Having a fly fishing backpack is obviously the ideal choice if you're an angler that likes to bring a lot with you on your fishing trips. Most newer fly backpacks can easily carry several fly boxes, a net, an additional rod, extra reels, spool winders, the list goes on. There's an evident advantage to carrying a backpack in not having to compromise on what gear to bring. If you're a minimalist, this is not the option for you. The Orvis Bug Out pack and the Simms Flyweight pack are two that I bring with me on a lot of my long trips where it never hurts to bring extra gear. As a bonus, I can pack extra layers just in case the weather changes on me, carry a lunch for my all-day outings, and even pack in some larger streamer boxes that just won't fit a sling pack or vest. Most packs are now relatively lightweight to help lessen the burden of wading with extra bulk, although they still aren't as light and comfortable as a sling or even a vest. Also, the storage pockets seem to be less convenient to access. Odds are you're going to need to take it off to dig around to get at what you need, which can feel like a time waster when the bite is hot. But on a multiple day trip, the storage space is worth it.

When selecting a backpack or chest pack, look closely at the shoulder straps. A pack with padded shoulder straps will keep you on the water longer than one without. It's almost always worth considering packs with bonus storage areas for a hydration bladder or water bottle too. Especially if you're fishing at high elevations in a mountain state. Keeping hydrated is an important part of avoiding altitude sickness, and full-size packs usually have more storage for things like that.

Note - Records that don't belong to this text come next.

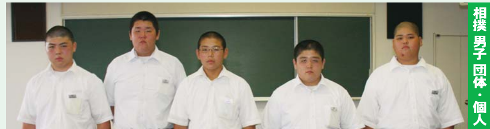
相撲 男子 団体・個人

8月12日(金)～15日(月) / 京都府丹波町・グリーンランドみずほホッケー場
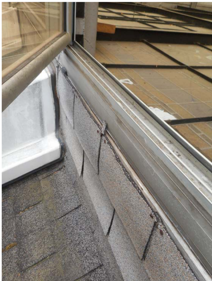
El perfil que recoge la impermeabilización se interrumpe en las ventanas abatibles para permitir su apertura, podría ser un foco de patologías permitiendo la entrada de agua por debajo de la tela asfáltica. Clavos de sujeción de la impermeabilización oxidados.
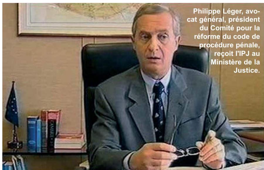
Philippe Léger, avocat général, président du Comité pour la réforme du code de procédure pénale, reçoit l'IPJ au Ministère de la Justice.

Comment obtenir que les criminels fassent vraiment la peine à laquelle ils ont été condamnés ?

Whether you're using a sling, vest, or backpack, bringing the right gear is crucial to your success on the stream. Invest in good equipment and it will return dividends. This may seem like an odd bit of advice, but if you can, go in a store and try on the pack or vest you're thinking about. Make some mock casting motions in the store to see how it feels making your normal movements. You may look strange, but it will help you figure out if your chosen storage will be comfortable or not before you hit the water. Find a setup that works best for you and incorporate it into a pack that feels comfortable casting on the river.